- **Work instruction**
Transcribe the listing verbatim. Do not carry over any pictures.

- **Data segment**

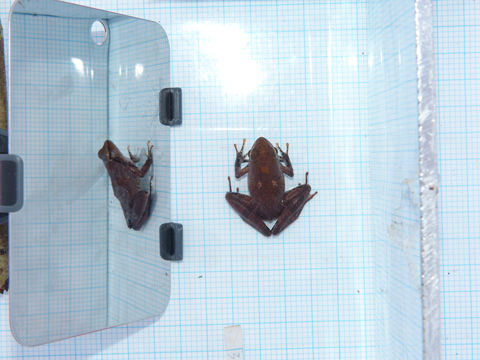 P. auritus, Golden Puddle Frog, is a medium to large sized ground-dwelling amphibian that inhabits primary, secondary and riparian rainforest and is found at elevations up to 900 m in Cameroon. Ectotherms, like frogs, are increasingly threatened by recent and predicted declines associated with climate change. African amphibians in particular will be disproportionally negatively affected. Direct and latent thermal effects associated with the amphibian incubation may directly affect many life history traits, such as the timing of reproduction, hatching success, hatchling phenotype, growth, survival, immune response and reproductive success.
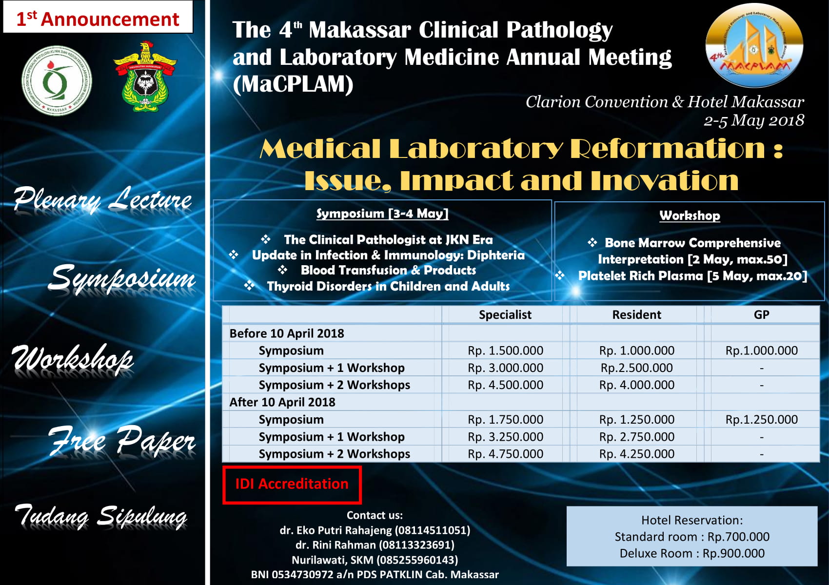 Informasi Seminar The 4th Makassar Clinical Pathology and Laboratory Medicine Annual Meeting
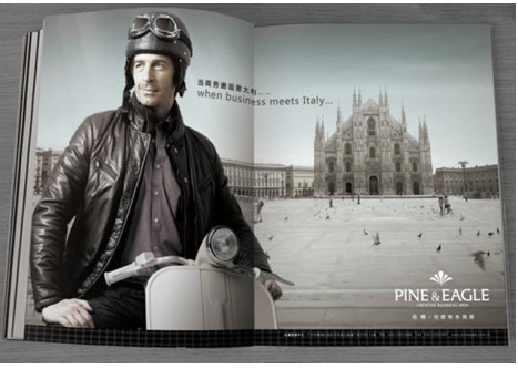 以“创意”为核心,以意大利为元素,设计出一系列别出心裁的创意画面,选取目标人群接触频率较高的高端媒体,《南方航空》、《旅伴》等杂志,进行投放。同时,采纳还专门挑选意大利男模,以商务邂逅意大利后一切美好的想象为线索,为松鹰拍摄了一支生动的影视广告。

- **Result of the task**
 P. auritus, Golden Puddle Frog, is a medium to large sized ground-dwelling amphibian that inhabits primary, secondary and riparian rainforest and is found at elevations up to 900 m in Cameroon. Ectotherms, like frogs, are increasingly threatened by recent and predicted declines associated with climate change. African amphibians in particular will be disproportionally negatively affected. Direct and latent thermal effects associated with the amphibian incubation may directly affect many life history traits, such as the timing of reproduction, hatching success, hatchling phenotype, growth, survival, immune response and reproductive success.
 Informasi Seminar The 4th Makassar Clinical Pathology and Laboratory Medicine Annual Meeting
 以“创意”为核心,以意大利为元素,设计出一系列别出心裁的创意画面,选取目标人群接触频率较高的高端媒体,《南方航空》、《旅伴》等杂志,进行投放。同时,采纳还专门挑选意大利男模,以商务邂逅意大利后一切美好的想象为线索,为松鹰拍摄了一支生动的影视广告。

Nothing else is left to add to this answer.